EXERCISE PROMPT:
Your task is to print, exactly and only, the lines from the start of the entries below through the line with "Obie metody są". Include both ends, but skip the pictures.

Segment Start: PROVIDED ENTRIES

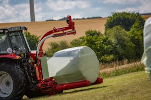 Round Bale Wrappers - Kverneland 7820, gently self-loading system and can wrap on the move so it operates effectively
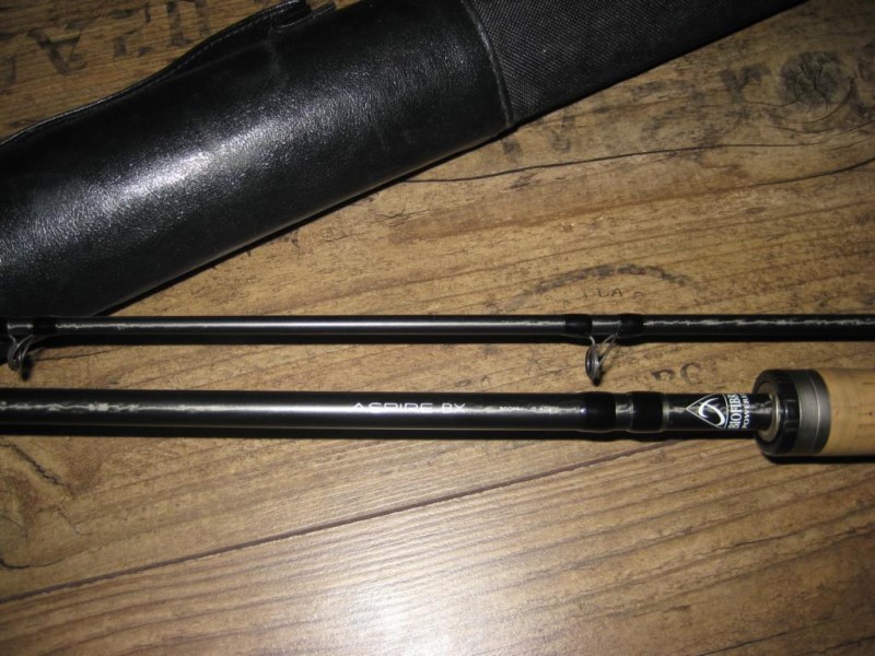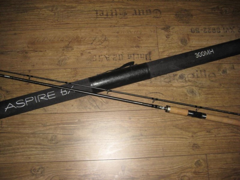 -eine zweimal gefischte Shimano Aspire Spinnrute Modellreihe "BX" in 3,00m Länge und einem WG von 15-40g.
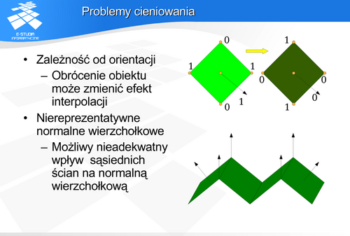 Obie metody są wrażliwe na orientację cieniowanego obiektu. Jeśli obiekt ma różne jasności w wierzchołkach i zostanie obrócony, to interpolacja da różne efekty w zależności od położenia obiektu. W obu metodach liczy się hipotetyczny wektor normalny w wierzchołku wielościanu na podstawie średniej arytmetycznej wektorów normalnych sąsiadujących ścian. Może to spowodować powstanie błędnie skierowanych wektorów interpolowanych. Na dolnym rysunku wektory interpolowane wewnętrznych ścian będą inaczej skierowane niż rzeczywiste wektory normalne. Dodatkowo powstaje nieoczekiwany wpływ ścian sąsiednich. Ruch jednaj ściany zewnętrznej spowoduje zmianę hipotetycznego wektora normalnego w wierzchołku (przez wpływ na średnią), a w konsekwencji tego zmianę wektora interpolowanego ściany wewnętrznej.
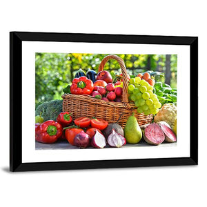 This vibrant canvas features an overflowing wicker basket of fresh vegetables and fruits, including grapes, bell peppers, and tomatoes. The realistic detail and bountiful composition create a lively atmosphere, making it an excellent choice for nature lovers.
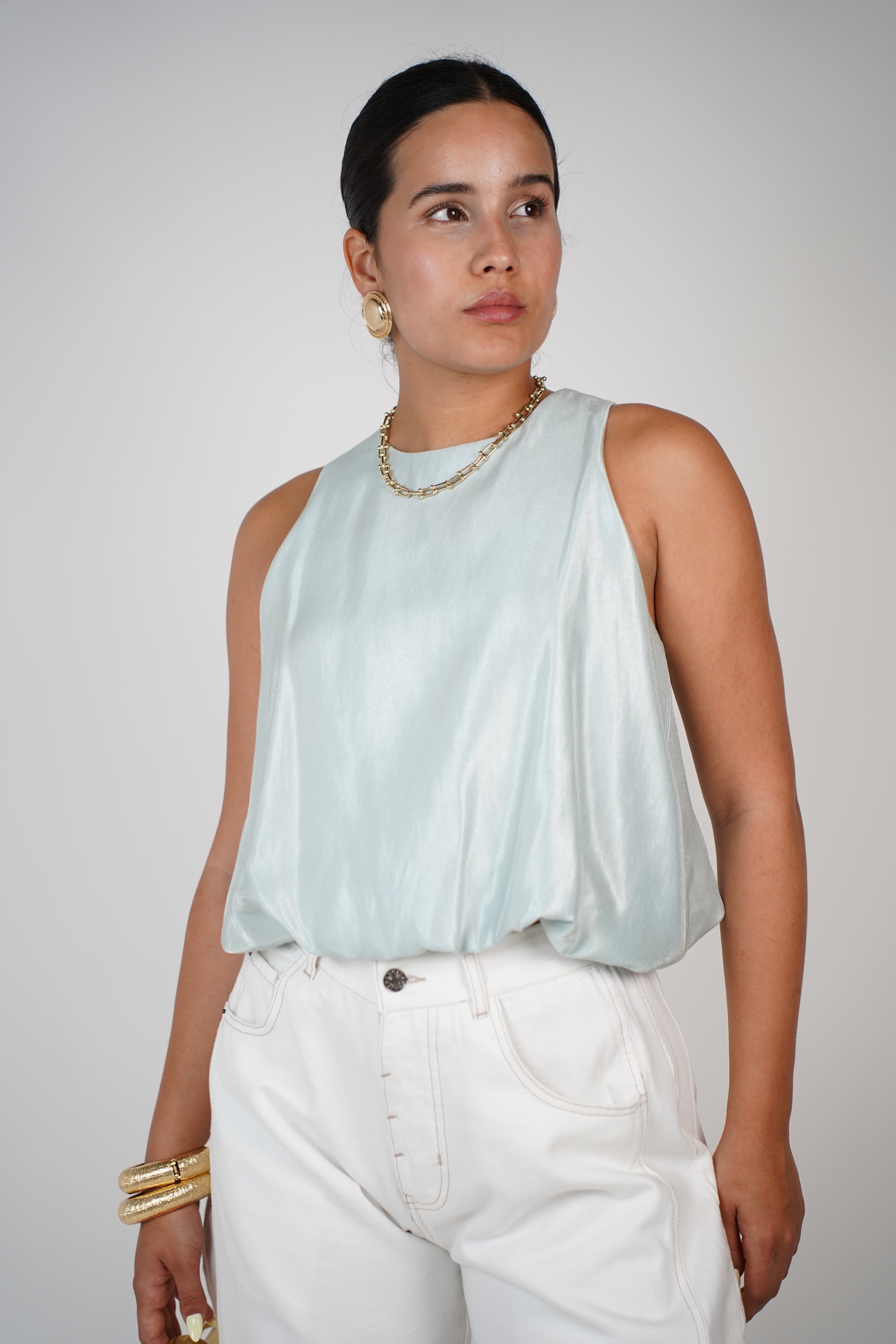 A luxurious satin sleeveless blouse featuring a classic round neckline and a relaxed fit. Perfect for day-to-night elegance. Available in ivory and aqua.
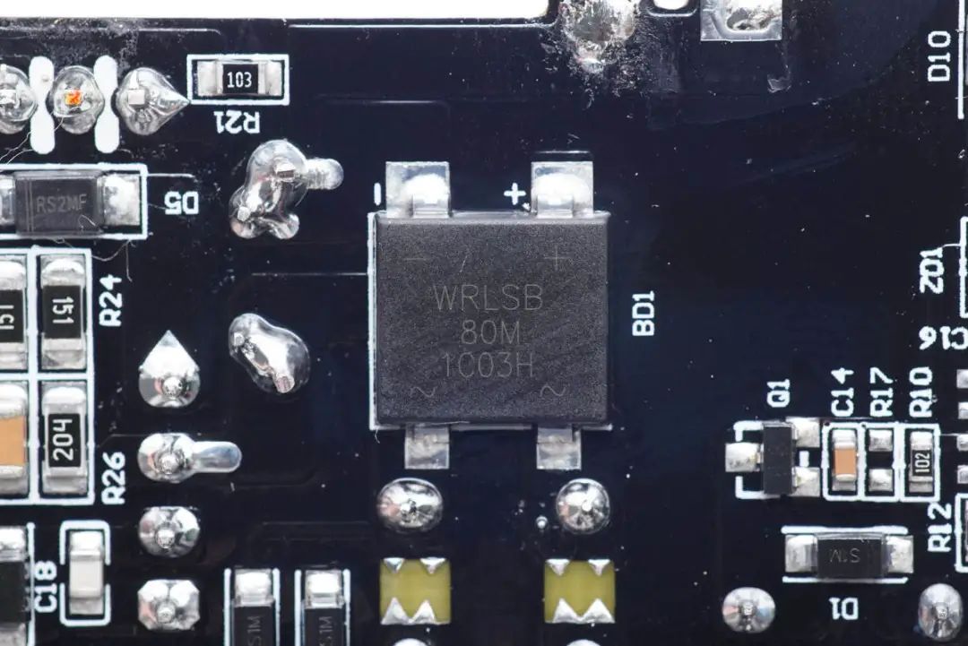 开关电源的输入端整流桥来自沃尔德,型号WRLSB80M。
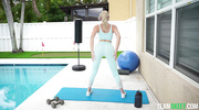 Беленькая штучка в обтягивающих лосинах демонстрировала прелести и дразнила личного тренера, пока не возбудила его дальше некуда. Тогда развратница Kay Lovely стянула лосины и дала вылизать мокрую пилотку до блеска, а в ответ отсосала член. После этого сексапильная блондиночка отдалась в вагину и трахалась без остановки, пока не кончила.

Segment End: PROVIDED ENTRIES

RESPONSE TO THE TASK:
 Round Bale Wrappers - Kverneland 7820, gently self-loading system and can wrap on the move so it operates effectively
 -eine zweimal gefischte Shimano Aspire Spinnrute Modellreihe "BX" in 3,00m Länge und einem WG von 15-40g.
 Obie metody są wrażliwe na orientację cieniowanego obiektu. Jeśli obiekt ma różne jasności w wierzchołkach i zostanie obrócony, to interpolacja da różne efekty w zależności od położenia obiektu. W obu metodach liczy się hipotetyczny wektor normalny w wierzchołku wielościanu na podstawie średniej arytmetycznej wektorów normalnych sąsiadujących ścian. Może to spowodować powstanie błędnie skierowanych wektorów interpolowanych. Na dolnym rysunku wektory interpolowane wewnętrznych ścian będą inaczej skierowane niż rzeczywiste wektory normalne. Dodatkowo powstaje nieoczekiwany wpływ ścian sąsiednich. Ruch jednaj ściany zewnętrznej spowoduje zmianę hipotetycznego wektora normalnego w wierzchołku (przez wpływ na średnią), a w konsekwencji tego zmianę wektora interpolowanego ściany wewnętrznej.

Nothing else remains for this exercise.